> **Data for processing**:
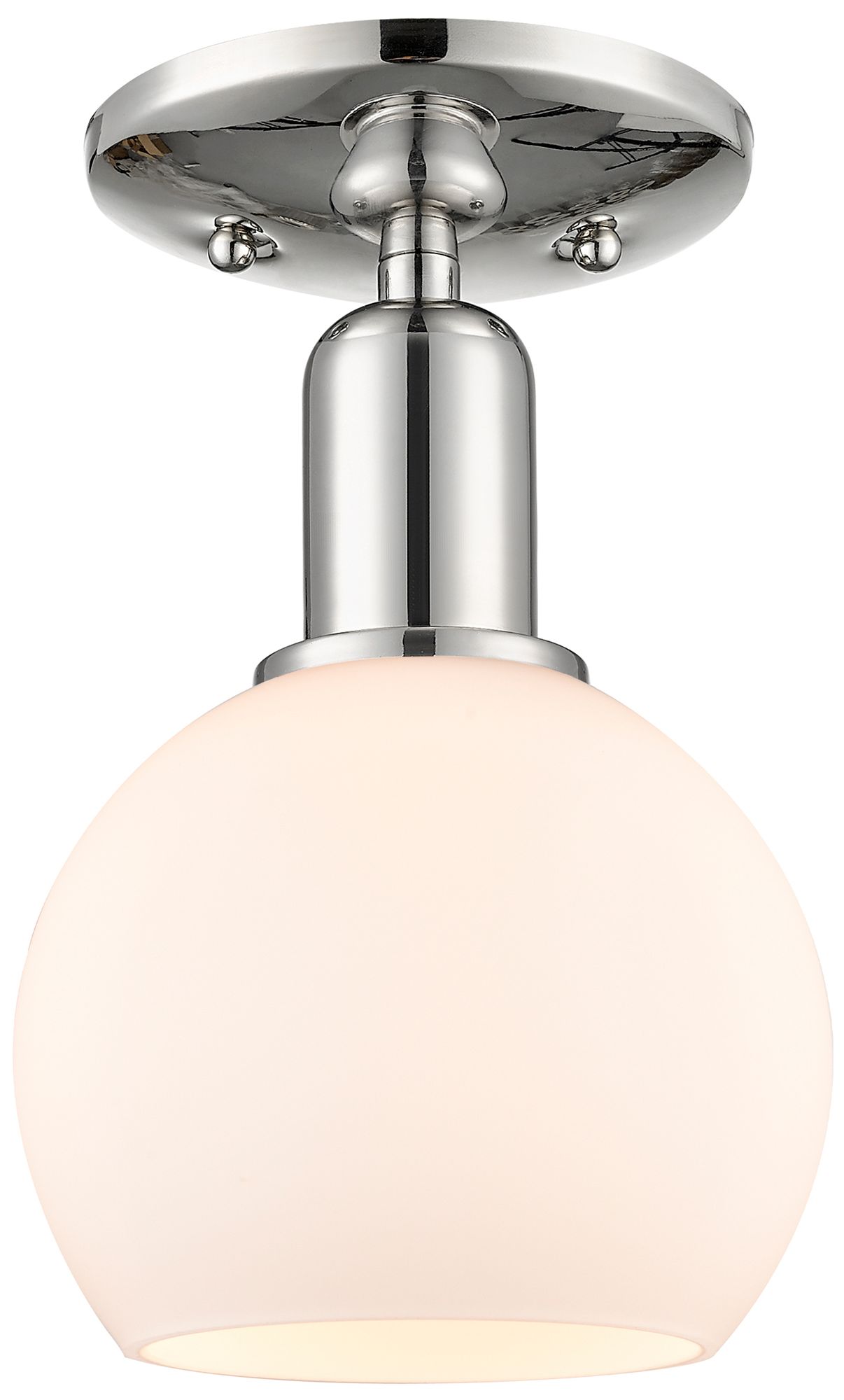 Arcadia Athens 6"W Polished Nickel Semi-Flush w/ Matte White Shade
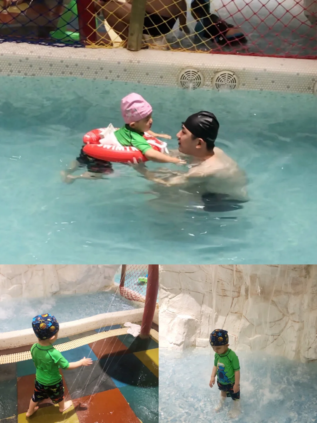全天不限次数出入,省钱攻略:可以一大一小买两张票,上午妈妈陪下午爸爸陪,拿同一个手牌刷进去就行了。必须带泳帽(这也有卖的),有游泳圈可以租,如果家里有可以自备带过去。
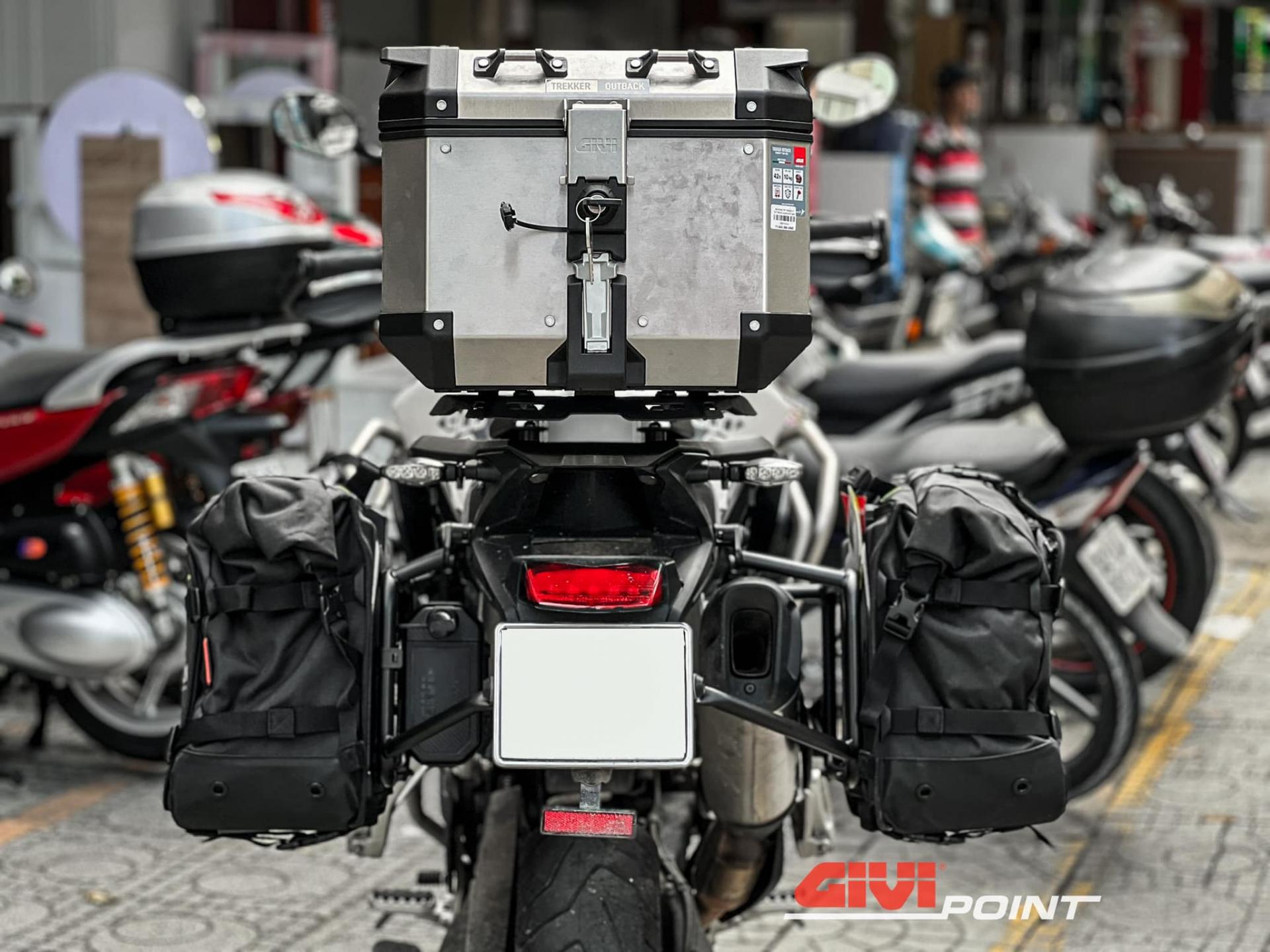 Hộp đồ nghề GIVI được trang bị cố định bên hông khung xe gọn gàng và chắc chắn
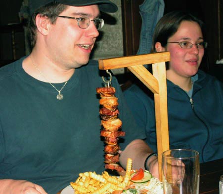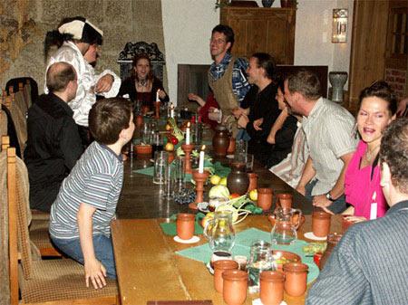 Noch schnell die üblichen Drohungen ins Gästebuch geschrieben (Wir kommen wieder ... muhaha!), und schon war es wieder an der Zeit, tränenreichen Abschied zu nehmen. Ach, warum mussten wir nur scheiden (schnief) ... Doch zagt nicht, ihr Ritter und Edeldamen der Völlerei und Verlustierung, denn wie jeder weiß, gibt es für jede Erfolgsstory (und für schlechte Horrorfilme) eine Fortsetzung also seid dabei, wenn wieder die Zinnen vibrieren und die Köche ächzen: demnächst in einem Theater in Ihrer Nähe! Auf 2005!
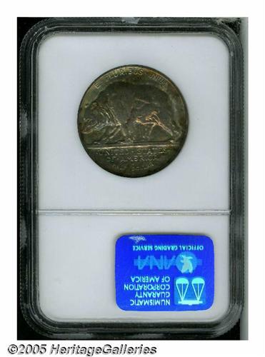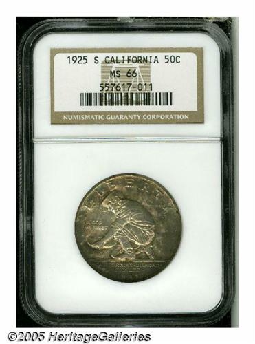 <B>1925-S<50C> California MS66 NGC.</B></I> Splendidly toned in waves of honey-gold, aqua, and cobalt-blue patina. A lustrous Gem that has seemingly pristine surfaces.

> **Aim of the task**:
Your answer should hold every record above, printed exactly and free of pictures.

> **Your response**:
 Arcadia Athens 6"W Polished Nickel Semi-Flush w/ Matte White Shade
全天不限次数出入,省钱攻略:可以一大一小买两张票,上午妈妈陪下午爸爸陪,拿同一个手牌刷进去就行了。必须带泳帽(这也有卖的),有游泳圈可以租,如果家里有可以自备带过去。
 Hộp đồ nghề GIVI được trang bị cố định bên hông khung xe gọn gàng và chắc chắn
 Noch schnell die üblichen Drohungen ins Gästebuch geschrieben (Wir kommen wieder ... muhaha!), und schon war es wieder an der Zeit, tränenreichen Abschied zu nehmen. Ach, warum mussten wir nur scheiden (schnief) ... Doch zagt nicht, ihr Ritter und Edeldamen der Völlerei und Verlustierung, denn wie jeder weiß, gibt es für jede Erfolgsstory (und für schlechte Horrorfilme) eine Fortsetzung also seid dabei, wenn wieder die Zinnen vibrieren und die Köche ächzen: demnächst in einem Theater in Ihrer Nähe! Auf 2005!
 <B>1925-S<50C> California MS66 NGC.</B></I> Splendidly toned in waves of honey-gold, aqua, and cobalt-blue patina. A lustrous Gem that has seemingly pristine surfaces.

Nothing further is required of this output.